Research Software Engineer

University of Amsterdam Institute for Logic, Language and Computation

Research Software Engineer – Project: From Books to Knowledge Graphs

Publication date 28 January 2021

Closing date 28 February 2021

Level of education PhD

Hours 19 hours per week

Salary indication €2,790 to €4,012 gross per month, based on 38 hours per week

Vacancy number 21-052

The Institute for Logic, Language and Computation (ILLC) and the Department of Media Studies of the Faculty of Humanities are looking for a research software engineer with a background in machine learning, knowledge engineering and/or digital humanities, to join the industry collaboration (KIEM 2020) project From Books to Knowledge Graphs.

This project is a collaboration among UvA (Dr. Giovanni Colavizza), the University of Lausanne, Switzerland (Dr. Matteo Romanello) and the publisher Brill, which aims to develop an open framework to extract knowledge graphs from scholarly publications using Brill’s classics catalog as a case study.

Project From Books to Knowledge Graphs

The scientific publishing industry is rapidly transitioning towards information analytics. This shift is disproportionately benefiting large companies. These can afford to deploy digital technologies like knowledge graphs that can index their contents and create advanced search engines. Small and medium publishing enterprises, instead, often lack the resources to fully embrace such digital transformations. This divide is acutely felt in the arts, humanities and social sciences. Scholars from these disciplines are largely unable to benefit from modern scientific search engines, because their publishing ecosystem is made of many specialized businesses which cannot, individually, develop comparable services.

In this project, we aim to start bridging this gap by democratizing access to knowledge graphs – the technology underpinning modern scientific search engines – for small and medium publishers in the arts, humanities and social sciences.
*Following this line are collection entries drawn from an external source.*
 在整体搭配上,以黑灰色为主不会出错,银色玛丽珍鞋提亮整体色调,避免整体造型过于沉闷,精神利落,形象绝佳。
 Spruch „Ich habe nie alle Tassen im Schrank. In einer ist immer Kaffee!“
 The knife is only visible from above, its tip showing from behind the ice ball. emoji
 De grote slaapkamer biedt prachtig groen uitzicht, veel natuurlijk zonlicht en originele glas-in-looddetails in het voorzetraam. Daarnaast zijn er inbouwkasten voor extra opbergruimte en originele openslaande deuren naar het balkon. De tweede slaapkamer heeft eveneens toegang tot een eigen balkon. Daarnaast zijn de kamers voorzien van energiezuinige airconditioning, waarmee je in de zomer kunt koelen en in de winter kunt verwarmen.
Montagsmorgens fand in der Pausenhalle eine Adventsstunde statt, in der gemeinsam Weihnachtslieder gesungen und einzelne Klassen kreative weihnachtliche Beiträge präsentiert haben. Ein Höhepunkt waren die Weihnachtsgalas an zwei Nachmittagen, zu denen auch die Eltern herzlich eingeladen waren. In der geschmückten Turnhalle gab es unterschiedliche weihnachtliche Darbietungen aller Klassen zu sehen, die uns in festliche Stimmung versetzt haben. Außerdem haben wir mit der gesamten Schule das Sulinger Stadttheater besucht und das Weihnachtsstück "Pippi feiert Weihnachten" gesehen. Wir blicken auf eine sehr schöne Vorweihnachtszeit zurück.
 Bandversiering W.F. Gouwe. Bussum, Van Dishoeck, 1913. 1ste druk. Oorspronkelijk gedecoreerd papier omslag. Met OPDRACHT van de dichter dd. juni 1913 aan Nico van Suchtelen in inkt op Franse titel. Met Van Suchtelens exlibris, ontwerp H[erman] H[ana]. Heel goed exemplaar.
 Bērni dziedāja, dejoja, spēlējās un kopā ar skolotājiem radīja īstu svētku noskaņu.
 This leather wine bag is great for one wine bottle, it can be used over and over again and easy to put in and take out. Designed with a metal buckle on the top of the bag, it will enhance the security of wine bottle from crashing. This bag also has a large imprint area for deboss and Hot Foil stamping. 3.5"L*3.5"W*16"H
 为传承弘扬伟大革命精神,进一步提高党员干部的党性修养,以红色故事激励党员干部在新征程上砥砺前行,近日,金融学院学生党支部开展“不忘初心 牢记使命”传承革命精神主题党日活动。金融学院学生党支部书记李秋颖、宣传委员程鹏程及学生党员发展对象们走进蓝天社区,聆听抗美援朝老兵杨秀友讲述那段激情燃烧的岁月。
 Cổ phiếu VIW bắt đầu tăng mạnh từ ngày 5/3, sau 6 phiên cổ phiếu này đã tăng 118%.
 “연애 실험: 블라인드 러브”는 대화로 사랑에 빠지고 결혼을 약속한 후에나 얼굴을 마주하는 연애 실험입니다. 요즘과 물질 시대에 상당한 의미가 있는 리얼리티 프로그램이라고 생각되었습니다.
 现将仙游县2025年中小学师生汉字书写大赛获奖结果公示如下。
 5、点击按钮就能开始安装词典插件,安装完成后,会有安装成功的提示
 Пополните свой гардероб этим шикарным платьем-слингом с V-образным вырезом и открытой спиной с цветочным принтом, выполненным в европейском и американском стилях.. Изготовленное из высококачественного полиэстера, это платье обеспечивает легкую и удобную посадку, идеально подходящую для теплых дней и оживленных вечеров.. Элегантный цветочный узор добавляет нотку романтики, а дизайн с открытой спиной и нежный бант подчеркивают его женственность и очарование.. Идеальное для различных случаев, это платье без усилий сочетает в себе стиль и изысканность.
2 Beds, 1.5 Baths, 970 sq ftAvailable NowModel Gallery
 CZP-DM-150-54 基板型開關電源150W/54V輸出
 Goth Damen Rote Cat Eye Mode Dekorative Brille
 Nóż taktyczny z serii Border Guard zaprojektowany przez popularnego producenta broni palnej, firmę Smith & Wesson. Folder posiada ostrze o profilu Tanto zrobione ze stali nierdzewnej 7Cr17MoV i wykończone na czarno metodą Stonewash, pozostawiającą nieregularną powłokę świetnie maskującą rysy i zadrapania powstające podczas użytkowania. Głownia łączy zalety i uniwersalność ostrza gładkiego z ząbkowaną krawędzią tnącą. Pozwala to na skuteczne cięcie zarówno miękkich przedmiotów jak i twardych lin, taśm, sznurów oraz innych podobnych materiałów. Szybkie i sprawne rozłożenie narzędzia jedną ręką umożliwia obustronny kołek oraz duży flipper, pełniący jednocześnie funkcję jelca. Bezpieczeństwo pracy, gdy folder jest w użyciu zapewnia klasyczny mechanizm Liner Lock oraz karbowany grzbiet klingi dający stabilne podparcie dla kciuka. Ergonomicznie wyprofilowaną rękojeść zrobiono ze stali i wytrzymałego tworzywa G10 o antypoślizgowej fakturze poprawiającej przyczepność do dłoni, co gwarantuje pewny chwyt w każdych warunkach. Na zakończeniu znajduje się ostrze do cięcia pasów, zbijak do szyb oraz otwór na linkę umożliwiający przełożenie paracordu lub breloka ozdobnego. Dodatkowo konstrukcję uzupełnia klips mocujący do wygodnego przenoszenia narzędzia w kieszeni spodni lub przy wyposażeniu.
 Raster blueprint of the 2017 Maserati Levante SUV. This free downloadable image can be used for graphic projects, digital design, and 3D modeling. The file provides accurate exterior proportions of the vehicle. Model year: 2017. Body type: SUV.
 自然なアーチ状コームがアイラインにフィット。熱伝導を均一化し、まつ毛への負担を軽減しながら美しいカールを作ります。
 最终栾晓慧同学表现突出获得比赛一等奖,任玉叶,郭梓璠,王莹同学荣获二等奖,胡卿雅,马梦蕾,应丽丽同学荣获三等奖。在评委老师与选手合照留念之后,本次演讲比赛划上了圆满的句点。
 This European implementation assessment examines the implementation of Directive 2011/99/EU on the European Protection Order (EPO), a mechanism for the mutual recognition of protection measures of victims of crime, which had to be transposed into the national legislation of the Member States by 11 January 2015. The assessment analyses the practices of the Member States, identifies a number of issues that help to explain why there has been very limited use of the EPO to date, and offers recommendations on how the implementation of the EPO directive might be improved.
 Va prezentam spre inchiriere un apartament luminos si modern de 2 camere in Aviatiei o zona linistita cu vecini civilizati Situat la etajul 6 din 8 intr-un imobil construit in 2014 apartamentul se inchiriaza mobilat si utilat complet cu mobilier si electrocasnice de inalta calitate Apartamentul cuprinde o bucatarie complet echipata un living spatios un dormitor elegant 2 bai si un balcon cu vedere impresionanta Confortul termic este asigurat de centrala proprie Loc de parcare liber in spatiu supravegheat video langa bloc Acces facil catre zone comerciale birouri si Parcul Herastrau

Their contents, largely made of books, already contain rich, structured information – such as references and indexes – which can be automatically mined and interlinked. We plan to develop an open-source framework for extracting structured information and create knowledge graphs from it. The framework will be released with a commercial-friendly license to encourage its re-use. We will as much as possible consolidate existing proven technologies into a single codebase, instead of reinventing the wheel.

What are you going to do?

As  research software engineer you will:

  • help designing an information extraction pipeline which extracts structured entity information from scholarly publications (e.g., references and indexes) and performs entity linkage, in close collaboration with industry partners (Brill);
  • develop such pipeline, by re-using existing solutions or developing novel ones;
  • test and apply the pipeline on Brill’s classics publication catalog;
  • document work and code via comments, tests and technical documentation;
  • publish code and data openly and support early adopters in re-using them;
  • assist and take an active role in the execution of other project-related activities (e.g., outreach).

What do we require?

The following is required:

  • a degree in a related field, including but not limited to digital humanities, computer science, machine learning, knowledge engineering. Alternatively, a humanities (or other) degree with proven experience in research software engineering;
  • excellent written and spoken English;
  • proved capacity to design, develop and document research software. While the project members mostly use the Python stack, other options are also possible.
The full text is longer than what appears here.